- Collection entries:
┏━━
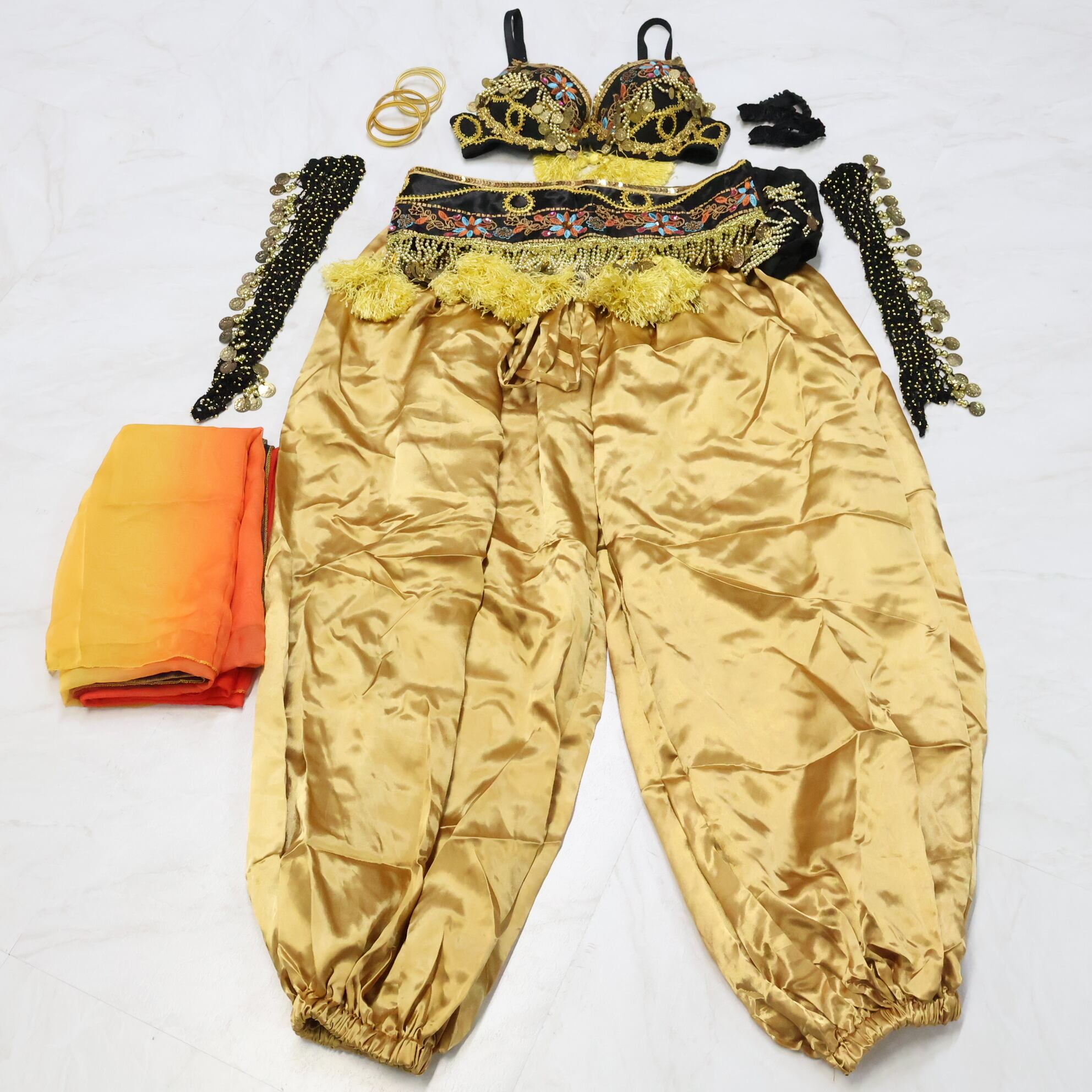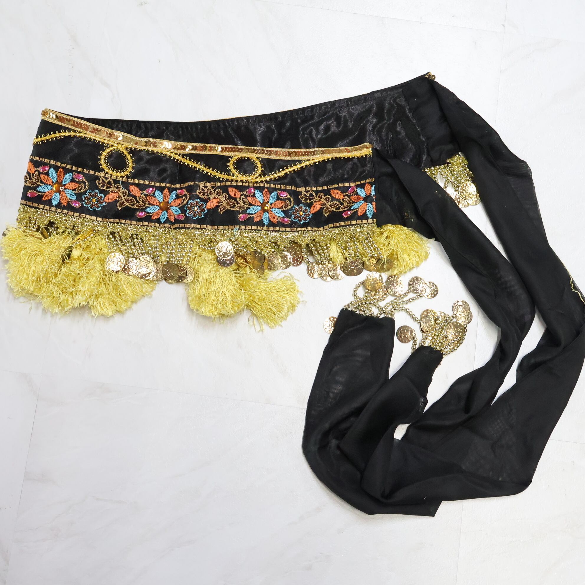 【ベリーダンス用 民族衣装】ゴールド×ブラック Qiaoshi ビーズ ゴールドコイン 刺繍 花柄 黒 光沢 ブラトップ ベルト ズボン アクセサリー付き 煌びやか スパンコールラメ ズボン
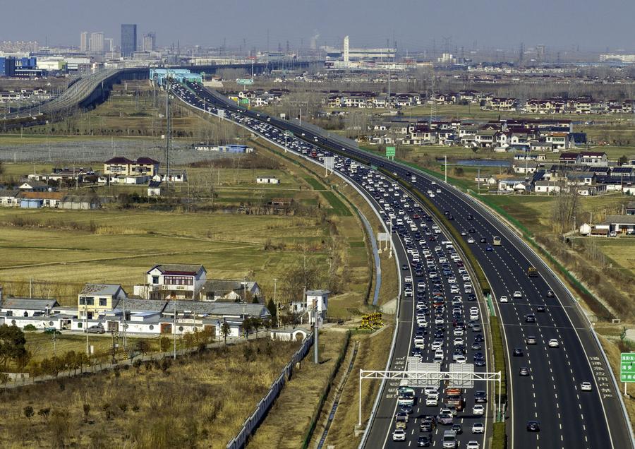 A child waits to get on a train at Tengzhou Railway Station in Tengzhou, east China's Shandong Province, Feb. 16, 2024. (Photo by Li Zhijun/Xinhua)An aerial drone photo taken on Feb. 16, 2024 shows vehicles running on a road-rail bridge, which connects Suzhou and Nantong of Jiangsu Province with Shanghai, over the Yangtze River in Nantong, east China's Jiangsu Province. (Photo by Xu Congjun/Xinhua)An aerial drone photo taken on Feb. 16, 2024 shows vehicles running on the Daning River grand bridge in Wushan County, southwest China's Chongqing Municipality. (Photo by Wang Zhonghu/Xinhua)Travelers prepare to get on a train at Wuzhou South Railway Station in Wuzhou, south China's Guangxi Zhuang Autonomous Region, Feb. 16, 2024. (Photo by He Huawen/Xinhua)Travelers arrive at Nanjing Railway Station in Nanjing, east China's Jiangsu Province, Feb. 16, 2024. (Photo by Yang Suping/Xinhua)Travelers are seen at the waiting hall of Taizhou Railway Station in Taizhou, east China's Jiangsu Province, Feb. 16, 2024. (Photo by Tang Dehong/Xinhua)An aerial drone photo taken on Feb. 16, 2024 shows vehicles running on Beijing-Shanghai Expressway in Huaian, east China's Jiangsu Province. (Photo by He Jinghua/Xinhua)Travelers arrive at Shanghai Hongqiao Railway Station in east China's Shanghai, Feb. 16, 2024. (Xinhua/Wang Xiang)Travelers wave goodbye after boarding a train at Wuchang Railway Station in Wuhan, central China's Hubei Province, Feb. 16, 2024. (Photo by Zhao Jun/Xinhua)■
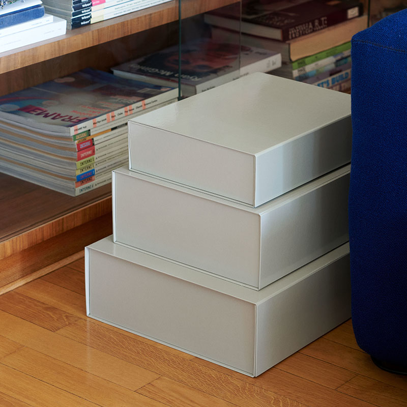 美しく光沢のある仕上がりの長方形のボックスは、FSC認証を受けた丈夫な極厚の厚紙で作られており、デスクや棚、食器棚など、さまざまなアイテムの整理や収納で活躍します。
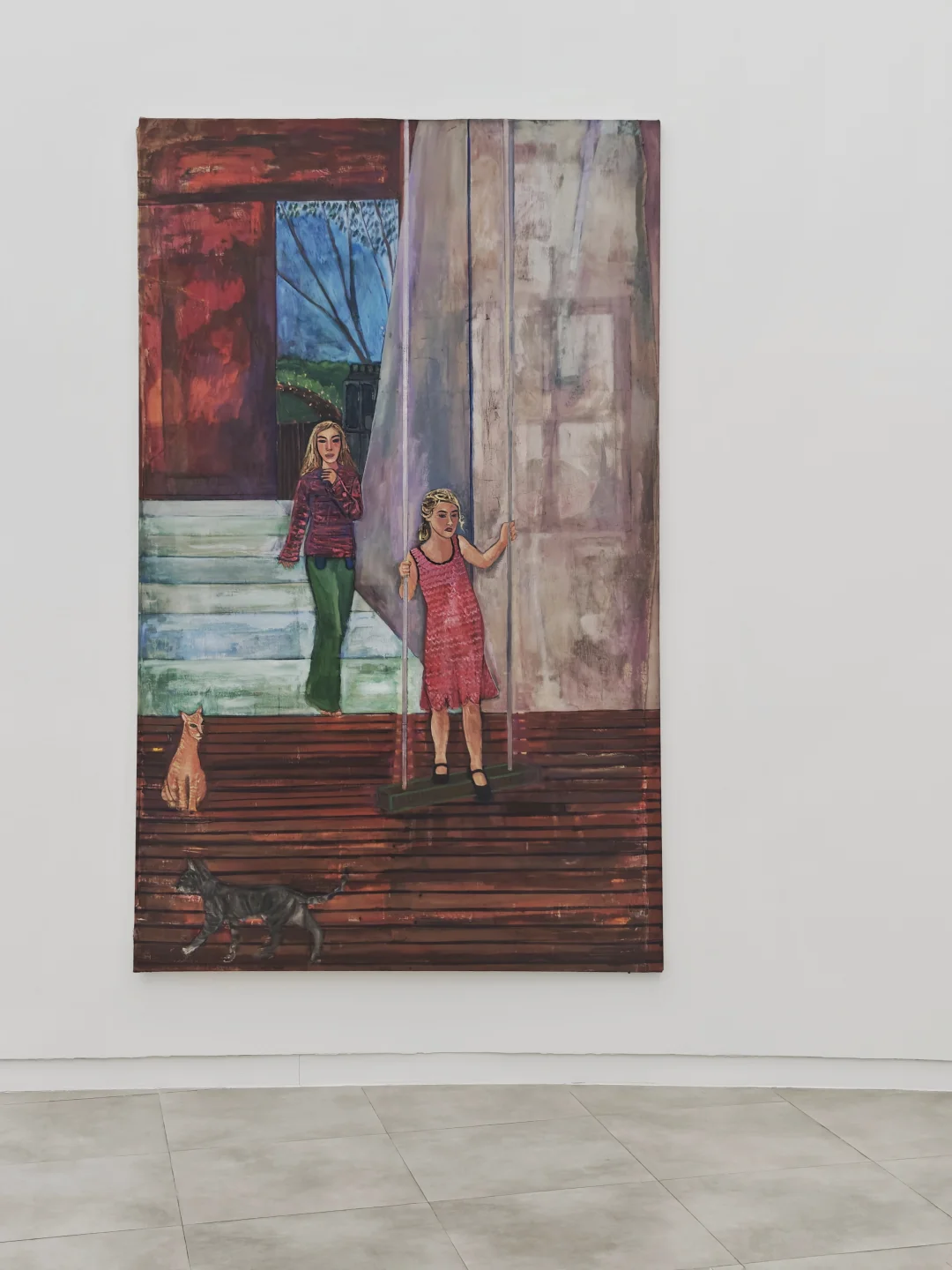 ??作品题材均源于艺术家自身生活,聚焦细腻日常与温柔片刻,拒绝宏大叙事。《Fond Pond Doux(two sisters)》中荡秋千的是她的妹妹,《UCLH》中病床上的是她的母亲,还有柏林地铁站旁摆姿势的女孩、特立尼达酒吧里的高个男人等生活化场景。
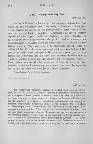 Чарторижский г-ну Убри. Англия. Пруссия и Швеция. Разумовский. 15/27 мая 1806 г.
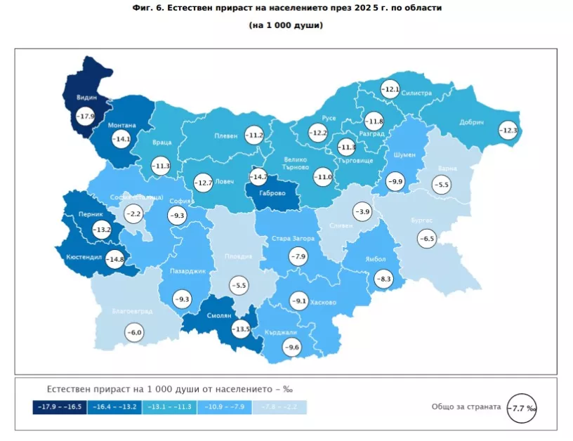 Към края на 2025 г. населението на България е 6 423 207 души – с над 14 хиляди по-малко спрямо година по-рано. Спадът може да изглежда умерен като абсолютна стойност, но зад него стои трайна тенденция, която продължава вече десетилетия. Основният фактор остава отрицателният естествен прираст - през 2025 г. разликата между родените и починалите е близо - 49 000 души. С други думи – населението намалява не защото хората напускат страната, а защото умират повече, отколкото се раждат. Този процес е характерен за всички области без изключение.
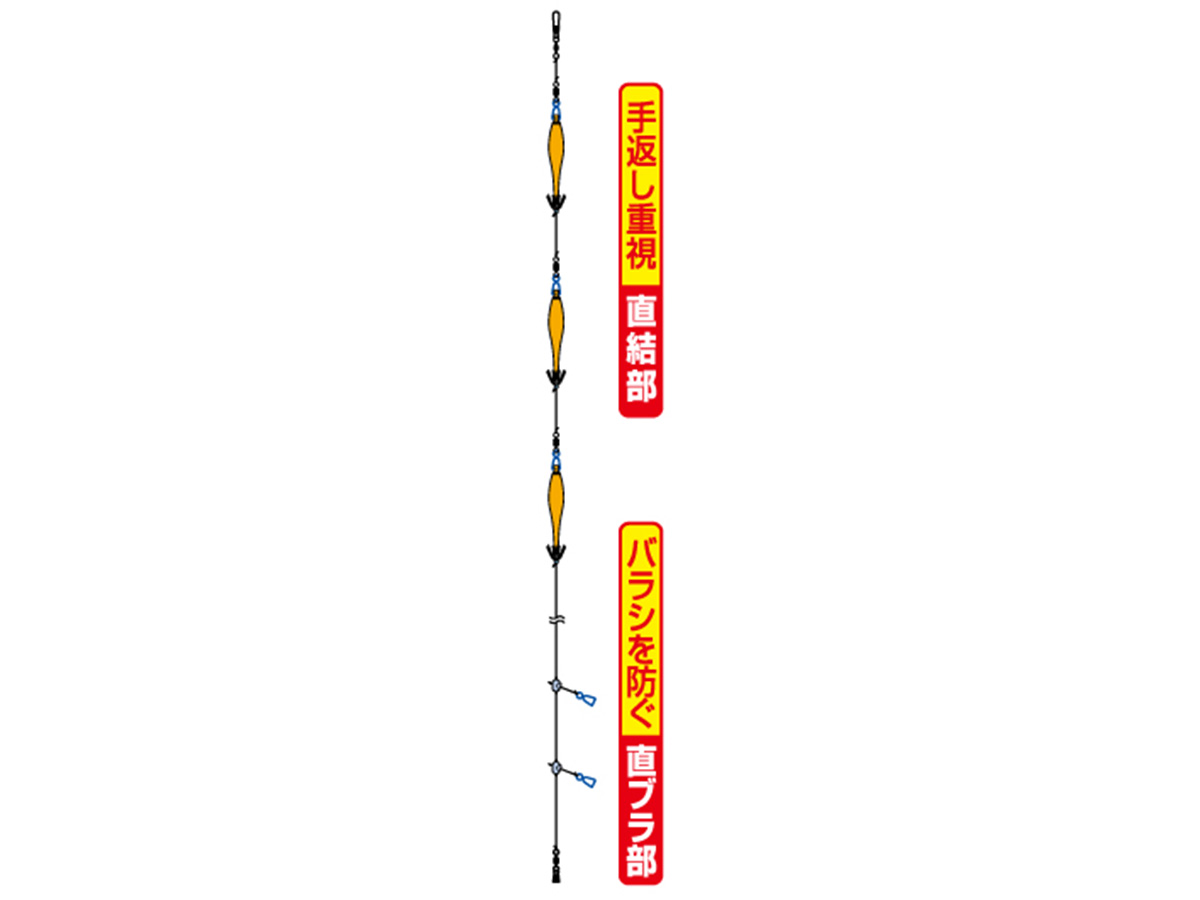 アイテム | 幹糸(号) | 入数 | 全長(cm) | 枝ス長さ(cm) | 枝ス(号) | 直ブラ数(本) | 直結数(本) | 間合(cm) | メーカー希望本体価格(円) | JAN |
┗━━
Return the lines above from the one with "A child waits" through the one with "Чарторижский г-ну Убри.", verbatim and nothing else. Omit every picture.

- SOLUTION:
 A child waits to get on a train at Tengzhou Railway Station in Tengzhou, east China's Shandong Province, Feb. 16, 2024. (Photo by Li Zhijun/Xinhua)An aerial drone photo taken on Feb. 16, 2024 shows vehicles running on a road-rail bridge, which connects Suzhou and Nantong of Jiangsu Province with Shanghai, over the Yangtze River in Nantong, east China's Jiangsu Province. (Photo by Xu Congjun/Xinhua)An aerial drone photo taken on Feb. 16, 2024 shows vehicles running on the Daning River grand bridge in Wushan County, southwest China's Chongqing Municipality. (Photo by Wang Zhonghu/Xinhua)Travelers prepare to get on a train at Wuzhou South Railway Station in Wuzhou, south China's Guangxi Zhuang Autonomous Region, Feb. 16, 2024. (Photo by He Huawen/Xinhua)Travelers arrive at Nanjing Railway Station in Nanjing, east China's Jiangsu Province, Feb. 16, 2024. (Photo by Yang Suping/Xinhua)Travelers are seen at the waiting hall of Taizhou Railway Station in Taizhou, east China's Jiangsu Province, Feb. 16, 2024. (Photo by Tang Dehong/Xinhua)An aerial drone photo taken on Feb. 16, 2024 shows vehicles running on Beijing-Shanghai Expressway in Huaian, east China's Jiangsu Province. (Photo by He Jinghua/Xinhua)Travelers arrive at Shanghai Hongqiao Railway Station in east China's Shanghai, Feb. 16, 2024. (Xinhua/Wang Xiang)Travelers wave goodbye after boarding a train at Wuchang Railway Station in Wuhan, central China's Hubei Province, Feb. 16, 2024. (Photo by Zhao Jun/Xinhua)■
 美しく光沢のある仕上がりの長方形のボックスは、FSC認証を受けた丈夫な極厚の厚紙で作られており、デスクや棚、食器棚など、さまざまなアイテムの整理や収納で活躍します。
 ??作品题材均源于艺术家自身生活,聚焦细腻日常与温柔片刻,拒绝宏大叙事。《Fond Pond Doux(two sisters)》中荡秋千的是她的妹妹,《UCLH》中病床上的是她的母亲,还有柏林地铁站旁摆姿势的女孩、特立尼达酒吧里的高个男人等生活化场景。
 Чарторижский г-ну Убри. Англия. Пруссия и Швеция. Разумовский. 15/27 мая 1806 г.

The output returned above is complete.